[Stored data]
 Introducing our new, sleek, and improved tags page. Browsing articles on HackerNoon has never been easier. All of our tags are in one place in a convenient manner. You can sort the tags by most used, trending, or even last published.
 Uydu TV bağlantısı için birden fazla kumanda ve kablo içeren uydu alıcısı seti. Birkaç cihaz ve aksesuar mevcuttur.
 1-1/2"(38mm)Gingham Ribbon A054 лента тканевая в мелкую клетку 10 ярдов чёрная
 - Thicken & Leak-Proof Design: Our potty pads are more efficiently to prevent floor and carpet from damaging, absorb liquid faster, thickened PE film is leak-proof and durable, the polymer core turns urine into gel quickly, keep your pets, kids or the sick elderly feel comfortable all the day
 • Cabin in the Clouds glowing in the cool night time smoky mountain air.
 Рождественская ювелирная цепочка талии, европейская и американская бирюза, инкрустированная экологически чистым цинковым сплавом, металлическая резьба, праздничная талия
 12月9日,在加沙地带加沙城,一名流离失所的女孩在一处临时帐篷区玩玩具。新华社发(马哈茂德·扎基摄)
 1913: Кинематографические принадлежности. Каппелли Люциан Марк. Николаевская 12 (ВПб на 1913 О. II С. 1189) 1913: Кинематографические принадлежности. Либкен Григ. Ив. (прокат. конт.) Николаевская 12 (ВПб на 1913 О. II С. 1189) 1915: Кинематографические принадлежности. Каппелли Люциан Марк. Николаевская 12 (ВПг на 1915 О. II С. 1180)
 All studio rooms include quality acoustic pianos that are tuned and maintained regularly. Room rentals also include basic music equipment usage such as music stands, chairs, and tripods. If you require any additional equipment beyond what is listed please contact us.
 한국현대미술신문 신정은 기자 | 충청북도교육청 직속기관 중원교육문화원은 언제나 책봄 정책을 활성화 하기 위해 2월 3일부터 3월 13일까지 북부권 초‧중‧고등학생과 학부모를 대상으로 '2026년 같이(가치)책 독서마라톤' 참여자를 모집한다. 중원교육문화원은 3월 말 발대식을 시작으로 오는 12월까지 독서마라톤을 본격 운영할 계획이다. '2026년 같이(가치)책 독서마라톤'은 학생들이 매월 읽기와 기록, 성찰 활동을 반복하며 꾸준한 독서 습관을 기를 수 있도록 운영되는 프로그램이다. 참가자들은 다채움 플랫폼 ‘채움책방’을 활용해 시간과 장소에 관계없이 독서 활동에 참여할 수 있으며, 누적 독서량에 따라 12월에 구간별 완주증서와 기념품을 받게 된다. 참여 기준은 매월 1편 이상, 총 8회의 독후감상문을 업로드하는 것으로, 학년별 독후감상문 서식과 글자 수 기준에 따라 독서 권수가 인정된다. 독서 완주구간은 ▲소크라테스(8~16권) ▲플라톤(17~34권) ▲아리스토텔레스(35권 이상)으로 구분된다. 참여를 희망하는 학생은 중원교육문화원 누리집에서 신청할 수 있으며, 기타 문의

YOUR INSTRUCTIONS
Copy out the entries exactly. Begin at the first line and end with the line that has "10 ярдов чёрная".

SOLUTION
 Introducing our new, sleek, and improved tags page. Browsing articles on HackerNoon has never been easier. All of our tags are in one place in a convenient manner. You can sort the tags by most used, trending, or even last published.
 Uydu TV bağlantısı için birden fazla kumanda ve kablo içeren uydu alıcısı seti. Birkaç cihaz ve aksesuar mevcuttur.
 1-1/2"(38mm)Gingham Ribbon A054 лента тканевая в мелкую клетку 10 ярдов чёрная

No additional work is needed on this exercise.